This, in a context where for years now Bible believing Christians have been strongly scapegoated, are widely perceived as irrational and dangerous -- even, as "fascists" --among "progressives" and those they influence, and where there has been a wider intense polarisation of the American political culture coming in large part from the progressive- liberal side and championed on key points (homosexualisation of marriage is a classic case, and is a civilisational watershed issue, a point of no return . . . ) over the past several years by members of the Obama administration.
Flash-points like attempted homosexualisation of marriage that has been publicly championed by Mr Obama for the past year are only an indicator of a much broader, deeper trend.
It is worth noting that the timing and intensity of the targetting of Tea Party and other similar groups seems to have had a distractive, highly intimidatory, resource suppressing [tax exempt status is a major issue for donations to civil society groups, most of which are going to be small, operating on shoestring budgets and efforts of willing volunteers] and debilitating effect during the recent election cycle.
From the just linked NewsMax article, we see what the IRS pressure looks like to a typical shoestring budget activist issues group:
Anger over President Barack Obama's policies drove businessman Tom Zawistowski to file paperwork with the Internal Revenue Service nearly three years ago to create the Ohio Liberty Coalition.
His nonprofit organization largely attracted conservatives who were new to politics but concerned about the growth of government, fiscal issues and perceived threats to Americans' constitutional protections.
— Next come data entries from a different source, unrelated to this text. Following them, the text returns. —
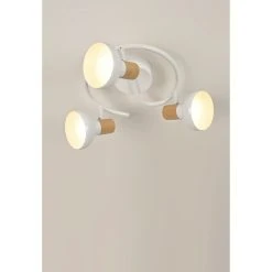 Corep Plafonnier 3 Lumières En Metal Effet Bois D27cm Blanc – Alvar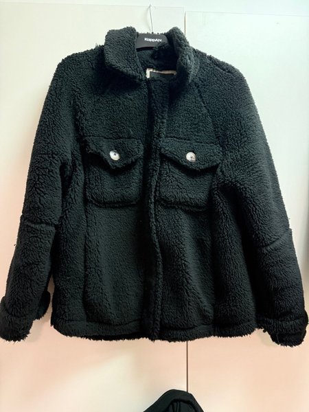 En mysig och stilren jacka med teddy-textur. Jackan har en krage och två fickor med knappstängning framtill.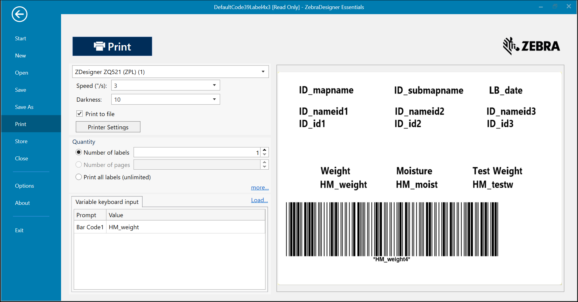 - Enter Harvest and use F3 to print a test label to verify the printer works as expected.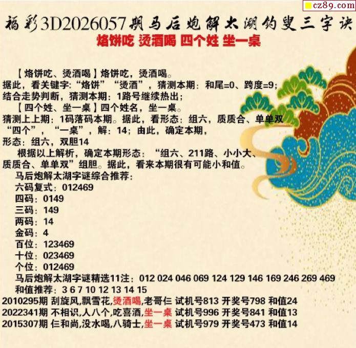 马前屁解26年057期3d太湖 坐一桌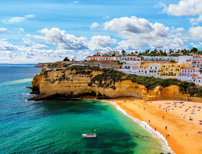 The Algarve is Portugal’s southernmost region, home to the southwestern tip of continental Europe. Its name comes from Arabic, meaning “The West.” The Algarve is known for its scenic cliffs, beaches, and warm climate.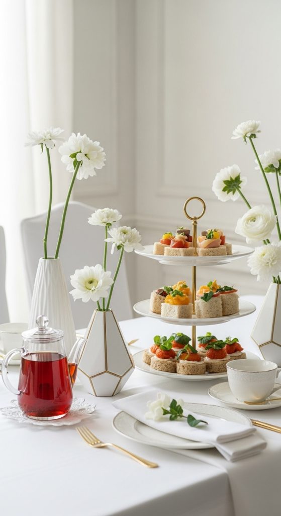 Elevate the traditional tea party by introducing unexpected elements. Serve rare teas or specialty blends and complement them with gourmet finger sandwiches, scones with exotic jams, and mini desserts. Instead of standard floral centerpieces, consider succulents, modern geometric vases, or minimalist arrangements. For entertainment, invite a tea sommelier to guide the tasting experience, turning the shower into a chic, interactive event.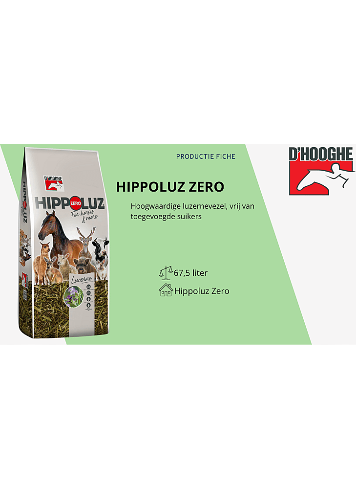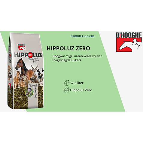 D'hooghe hippoluz zero luzerne is een hoogwaardige vezel vrij van toegevoegde suikers.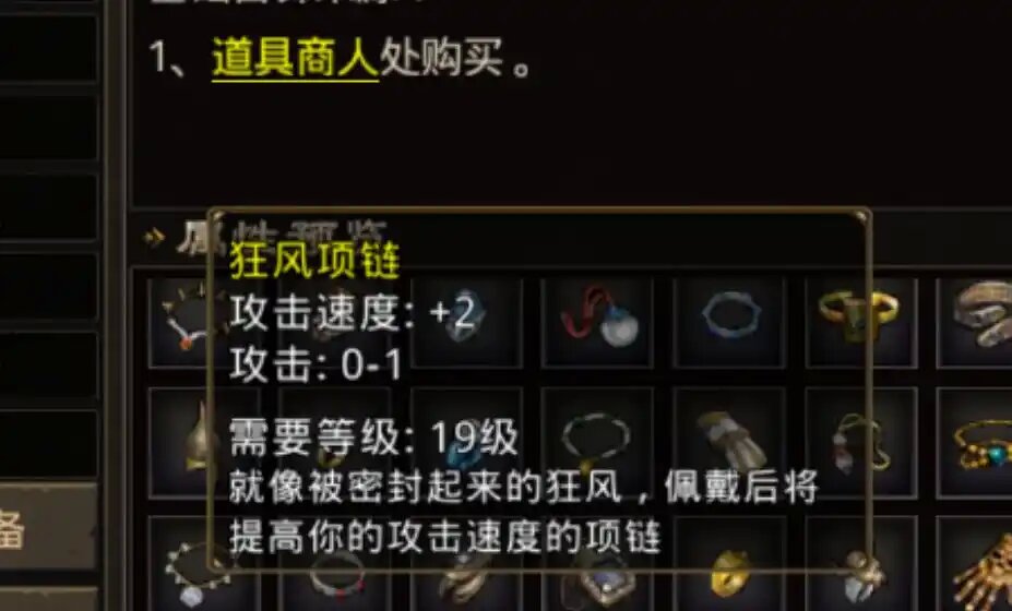 但还有一件装备同样是项链, 却在这场变革中逐渐崭露头角,主要原因就是它自身的一项特殊属性加成,它就是主属性攻击属性只有0-1的狂风项链,能够被战士职业玩家们看中,主要原因并非这微不足道的攻击属性加成,而是它的两点攻击速度加成。战士职业主要的攻击就是近战物理输出,攻速的加成能增加战士职业的攻击速度,只要行动足够快就能获取更多的机会和可能。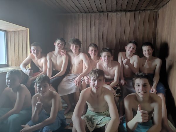 Посидели, нас облили холодной водой – это было очень круто. После этого быстро зашли в сауну, она была уже горячей, мы посидели 10-15 минут, потом пошли пить горячий шоколад. Была красная рыба, блины, зефир в шоколаде, сметана, орехи, палочки в кокосовой стружке, торт был очень вкусный и красивый. Спасибо большое за такую поездку, побольше бы таких поездок!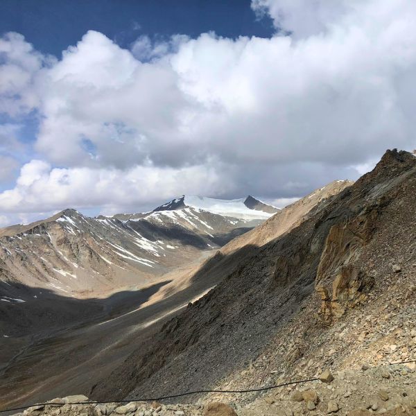 La route traverse l’un des paysages les plus spectaculaires du Ladakh et franchit le col de Khardung La, l’un des plus hauts cols carrossables du monde, à 5359 mètres d’altitude

It eventually swelled to more than 20,000 members . . . . Over the next few years, the Ohio Liberty Coalition would raise thousands of dollars to bus activists to rallies, run phone banks, rent a tent at a local fair, and knock on roughly 40,000 doors across Ohio to challenge the president and his fellow Democrats in the 2012 elections.
All the while, the organization was locked in a battle with the nation's tax enforcement agency over whether it should be granted tax-exempt status.
"They expected me to turn over the names of our members to the IRS. You'd have to kill me to get me to do that," said Zawistowski, who was among the first tea party leaders to formally protest the agency's actions last year. "I wouldn't accept tyranny."
It often takes "social welfare organizations" a year to get tax-exempt status, which requires them to prove they're not primarily devoted to politics. But the IRS acknowledged last week that it inappropriately applied heightened scrutiny to conservative groups even though it's supposed to regulate the nation's tax laws without political interference. The revelation drew criticism from Republicans and Democrats, sparked a Justice Department investigation and prompted Obama to call the allegations "outrageous" if true . . . .
Zawistowski's experience is not uncommon among tea party and conservative groups.
As it did with other conservative groups, the IRS largely ignored Zawistowski's application for a year and a half and then refused to approve his nonprofit status unless he revealed the identity of the group's members, times and location of group activities and printouts of its website and Facebook pages, according to IRS correspondence reviewed by The Associated Press.It is also worth highlighting that targetting Ohio in particular is not an accident, the major political battleground in the election just past was in that state.
The IRS also requested "detailed contents of the speeches or forums, names of the speakers or panels and their credentials" for all future and past public events, according to one of the IRS letters.
"The intent of this was to hurt the ability of tea party groups to function in an election year. They were successful to a degree," said Zawistowski, a 57-year-old businessman who had virtually no political experience before joining the tea party movement. "It took an enormous amount of time and energy for me to handle this."
Now, multiply such by the waves of other scandals, trends and issues that are also headlined.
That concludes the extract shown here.